Steamboat Springs On a hike, a snowmobile ride, a ski or a snowshoe through the vast stretches of land in Routt County, there always will come a time when something appears and it's hard to tell what it is or why it happened.
Maybe it's a tree that grew in an odd way, a rock that looks out of place or a funny indention in the ground. Keen eyes can spot them, but only the imagination can help answer the question, unless you ask.
Fortunately in Routt County, there are people to ask. We are blessed with naturalists, biologists and various other knowledgeable people who are happy to help solve these mysteries.
Here are four things that could pop up on trip in the woods that might cause you to scratch your head.
A large rock or field of rocks that doesn't look like it belongs is probably an erratic.
An erratic is a rock that is not indigenous to the area in which it sits. Most of the time they are deposits from an ancient glacier, local geologist Tom Delancey said.
In the Steamboat Springs area, there are evidences of four different periods of time when glaciers descended down from the Fish Creek and Buffalo Pass areas, Delancey said. The last glacier melted about 40,000 years ago and the oldest probably formed 3 million years ago, he said.
The most obvious evidence of a local glacier is the field of erratic rocks that are in the meadow across from City Market. Those rocks, which probably are from the Fish Creek Falls area, were carried down by the glacier and deposited in the field. Other evidence of a glacier is the big hill that the Steamboat Grand hotel sits on.
"That's a real large deposit of Loess," Delancey said.
Loess is a dust-like material that blows off a glacier. In this case, the wind picked it up and accumulated it on the hillside where the Grand sits.
As far as erratics go, another good spot to see them is in the meadow where the Mad Creek barn is, about one mile up the Mad Creek trailhead. Those rocks came from the valley above the area, which was carved out by a small glacier.
(not sea shells)
Little white shells that look like they belong near an ocean, not in the woods of Colorado, are all over the place.
No, they aren't ancient fossils from the time this area was covered with water, they are snail shells and they do belong here. The snails attach themselves to leaves and eat microorganisms on the forest floor, Colorado Division of Wildlife biologist Jim Hicks said.
"They are just about everywhere," he said.
The snails are good food for grazing animals and their shells often are found in deer, elk and sheep droppings.

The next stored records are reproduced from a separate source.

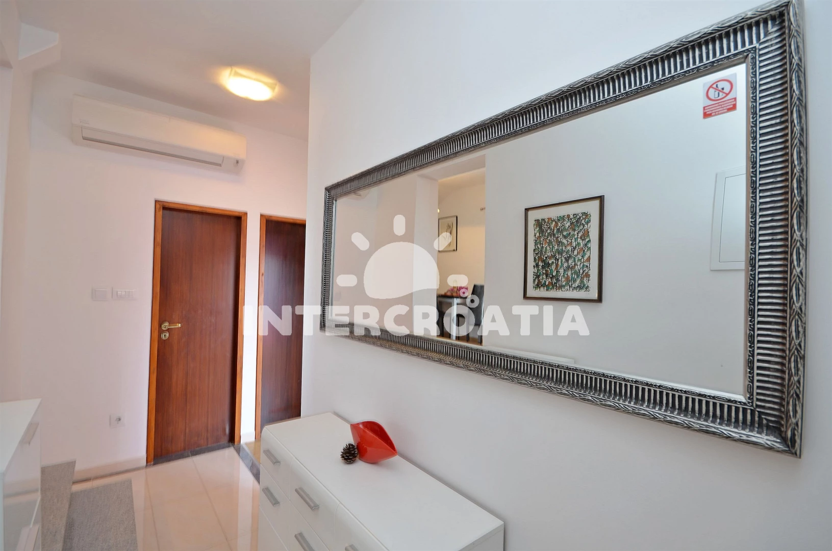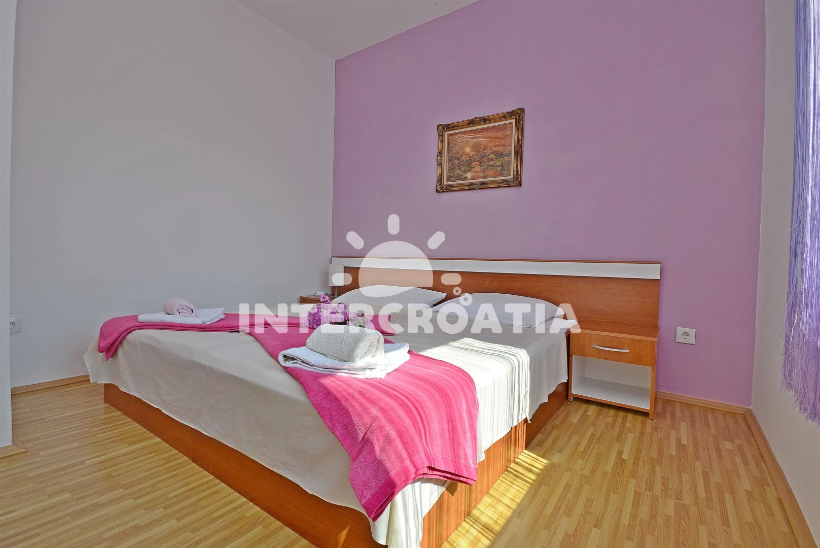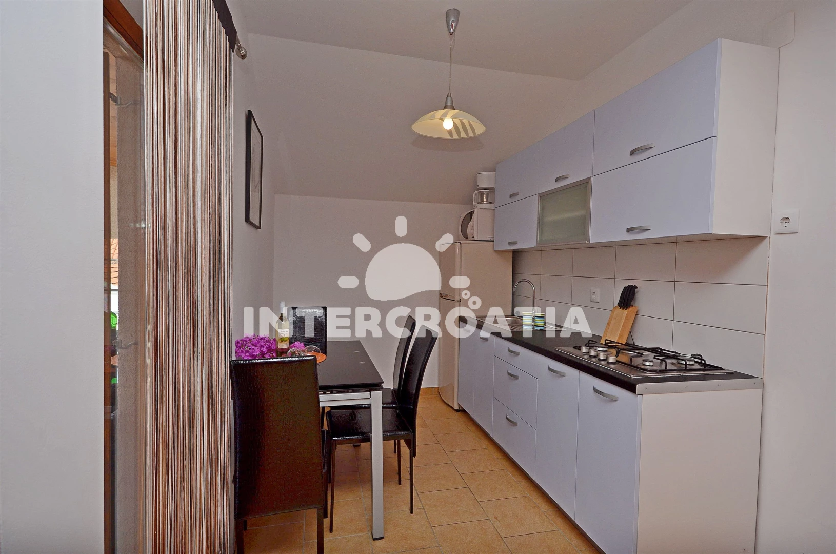 Vzdálenosti: Moře 400 m, pláž 900 m (oblázková a betonové desky), centrum 400 m, supermarket 400 m, bar 500 m, restaurace 500 m, banka 500 m, pošta 500 m, lékárna 500 m, ambulance 500 m, směnárna 500 m, veřejná doprava 500 m, čerpací stanice 3,5 km, letiště (Zadar) 60,0 km,
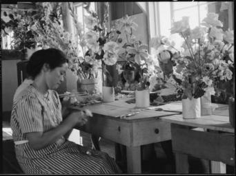 | Keywords: Manzanar Relocation Center, Manzanar, California. Making artificial flowers in the Art School at th . . . - NARA - 538182.jpg Scope and content The full caption for this photograph reads Manzanar Relocation Center Manzanar California Making artificial flowers in the Art School at this War Relocation Authority center for evacuees of Japanese ancestry General notes 538182 Local identifier 210-G-C900 Department of the Interior War Relocation Authority 02/16/1944 - 06/30/1946 NARA-Author Lange Dorothea 1895-1965 Photographer 1372774 <br /> Still Picture Records Section Special Media Archives Services Division NWCS-S National Archives at College Park 8601 Adelphi Road College Park MD 20740-6001 1942-06-30 Record group Record Group 210 Records of the War Relocation Authority 1941 - 1989 Record group ARC 537 Central Photographic File of the War Relocation Authority compiled 1942 - 1945 Series ARC 536000 File unit File unit ARC Variant control numbers NAIL Control Number NWDNS-210-G-C900 Other versions <gallery> File Manzanar_Relocation_Center _Manzanar _California _Making_artificial_flowers_in_the_Art_School_at_th_ _ _ _-_NARA_-_538182 tif tif File Manzanar_Relocation_Center _Manzanar _California _Making_artificial_flowers_in_the_Art_School_at_th_ _ _ _-_NARA_-_538182 jpg jpg </gallery> NARA-cooperation PD-USGov Photographs by Dorothea Lange of Manzanar War Relocation Center |
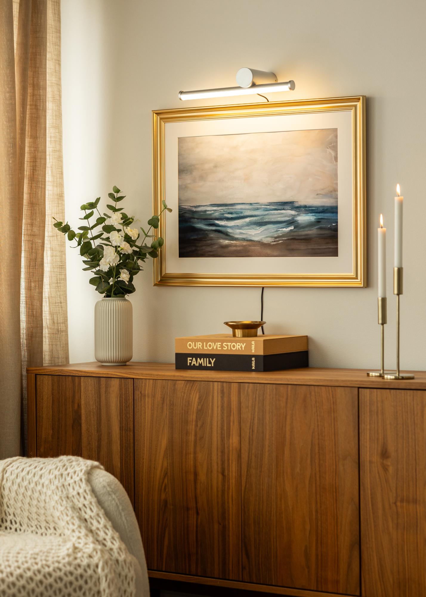 Przy temperaturze barwowej 3000K to oświetlenie zapewnia ciepłe, ale nadal naturalne światło, które podkreśla szczegóły Twoich dzieł sztuki bez bycia nachalnym. Zintegrowane źródło światła LED ma jasność 520 lumenów, co dostarcza wystarczającą ilość światła, aby pokryć obrazy do 80 cm szerokości, jednocześnie utrzymując niskie zużycie energii dzięki nowoczesnej technologii LED.
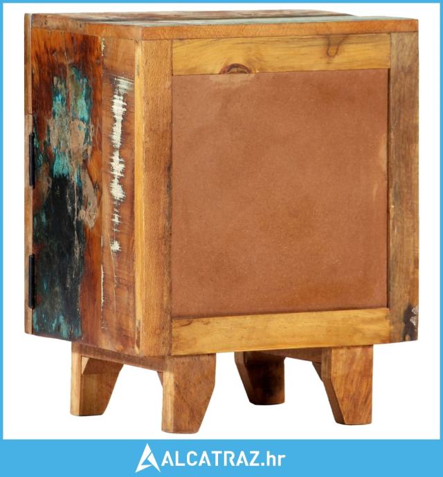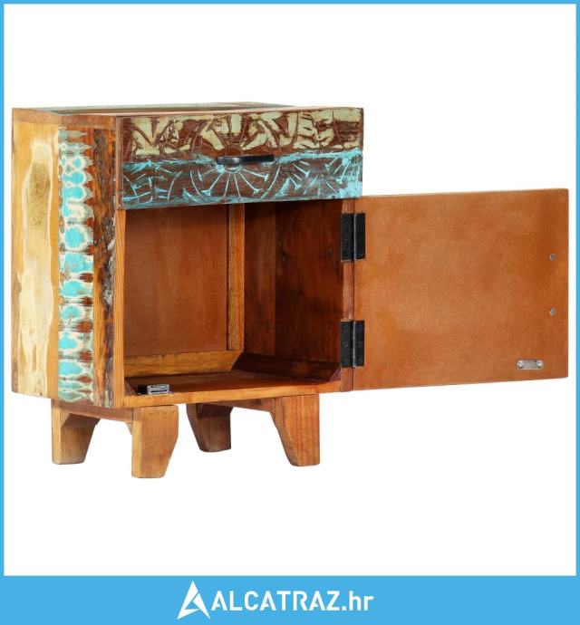 Ovaj šareni noćni ormarić s antiknim ručno izrezbarenim uzorkom napravljen je od masivnog obnovljenog drva dobivenog od greda, podova i potpornih greda iz starih zgrada koje su se rušile i može se sastojati od različitih vrsta drva poput bora, tika, bukve, hrasta, cedra, drva manga, bagrema itd. To znači da obnovljeno drvo zadržava karakteristike tih različitih vrsta drva. Obnovljeno drvo već je ostarjelo, istrošeno vremenom i osušeno, tako da se ne skuplja i ne savija. Svaki korak procesa izveden je s najvećom pažnjom, bilo da se radi o bojenju, poliranju ili lakiranju. Izvrsna izrada i otmjeni drveni godovi čine svaki komad namještaja prepoznatljivim i pomalo drukčijim od sljedećeg. Uz to, ovaj starinski noćni ormarić ima 1 ladicu i 1 vrata, što nudi idealno rješenje za držanje manjih predmeta organiziranima i na dohvat ruke. Ormarić za pohranu jednostavno se sastavlja.
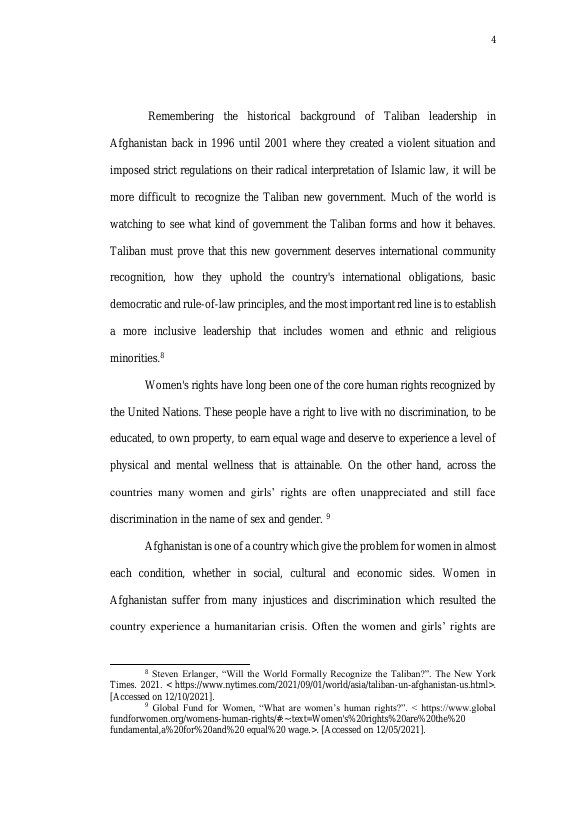 SITI NURHALIZA, THE STATE RESPONSIBILITY OF AFGHANISTAN UNDER TALIBAN REGIME WITH REFERENCE TO ARTICLE 10 OF CONVENTION ON THE ELIMINATION OF ALL FORMS OF DISCRIMINATION AGAINST WOMEN (CEDAW). Banda Aceh Fakultas Hukum (S1),2022

Interestingly enough, local snails carry a parasite that causes lung-worm disease in big horn sheep, which can result in a lethal case of pneumonia, Hicks said.
The parasite's larva leaves feces pellets on the ground, which is absorbed through the snails' feet. If the sheep eats a large quantity of snails, they could get the disease. However, it mainly shows up when sheep populations are too high, Hicks said.
on the ground
It seems nearly every trail into the Routt National Forest is laced with skinny dirt mounds that cover the ground like veins. These mounds are called eskers and they are the winter handy work of the pocket gopher, naturalist Karen Vail said.
The pocket gopher, which lives most of its life underground, is named for its internally fur-lined cheek pouches that open on each side of its mouth. The native animal burrows through the ground and uses the cheek pockets to carry the dirt to the surface.
"He just turns his pockets inside out," Vail said.
In the winter, the snowpack covering the ground makes it difficult for the pocket gopher to deposit the dirt. To solve the problem, it burrows small tunnels at the bottom of the snowpack and then deposits the soil in them.
When the snow melts, the deposited dirt appears as vein-like soil mounds on the ground.
This aspen tree is on Rabbit Ears Pass, near the Hogan Park Trail. In this case, forest technician Ryan Miller said the tree was probably damaged when it was young.
"It could have been damaged by an elk, a deer, person, snowmobile, a horse, or a bear could have climbed on it," Forest Service spokeswoman Diann Pipher said. "Then it was a little bit broken. A couple years later it recovered and it began growing up again."
There also is a chance that another tree fell against it and broke the tree, naturalist Karen Vail said.